The above is mentioned in view of the fact that the criteria for determining the patentability of a mechanical or chemical invention are not exactly the same as those used for determining the patentability of biotechnological inventions, since the complexity of these inventions, due to the different disciplines intervening in a new biotechnological innovation as well as the vertiginous development thereof, requires that the analysis of the matter claimed in the inventions during the substantive examination be really exhaustive. This fact is indeed understandable if the problems an Examiner faces to determine the novelty and inventive activity (non obviousness) of a biotechnological patent are considered, since said concepts in most cases are closely related with the prior art and are differentiated simply by a very subtle limit.

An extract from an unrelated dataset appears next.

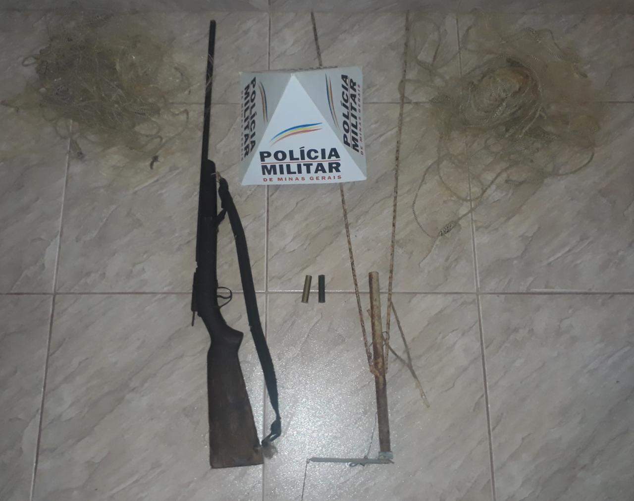 Os militares localizaram uma espingarda, tipo polveira, uma armadilha comumente usada para matar animais silvestres conhecida como “canhão toquinho” calibre 32; dois cartuchos calibre 32, sendo um deflagrado e outro intacto e 02 duas redes de pesca de malha.

As to the industrial application (utility) requirement, and only as a comment to be taken into account, it is to be noted that Article 12-IV of the Mexican patent law states that, in order to have industrial application, an invention must be capable of being used in any branch of the economical activity. In the biotechnological patents, and particularly in the case of the genetic engineering, sometimes this requirement cannot be easily demonstrated because the technological innovations do not possess a direct industrial application and it permits that the Mexican Examiners argue based on the concept that an invention, to have utility, must set forth and claim an invention which can be operative for at least a purpose set forth in the patent application. However, such argumentation may be refuted saying that in order to satisfy the utility requirement, an invention need not be unerringly effective in its operation, since all what is required is usefulness in some instances. This is the reason why biotechnological patents may contain a considerable degree of speculation regarding uses of the basic discovery, provided that said speculation does not go too far so as to constitute an indication of fully inoperative embodiments.

Thus, the two following recommendations for filing a biotechnological patent application in Mexico should be taken into consideration:

a.-) When a biotechnological patent application is to be drafted, it is extremely important to try to distinguish the novelty and non obviousness of the matter to be claimed in connection with the prior art, as well as to point out the branch of the economical activity where the invention is to be used.

b.-) The biotechnological patent application must contain the necessary information about the obtainment of the microorganism, genetic techniques, morphology, antibiotics resistance, growing, vitamins etc., which are the conditions or requirements contained in the Budapest Treaty for the International Recognition of the Deposit of Microorganisms in Patent Matters.

The content of this article is intended to provide a general guide to the subject matter. Specialist advice should be sought about your specific circumstances.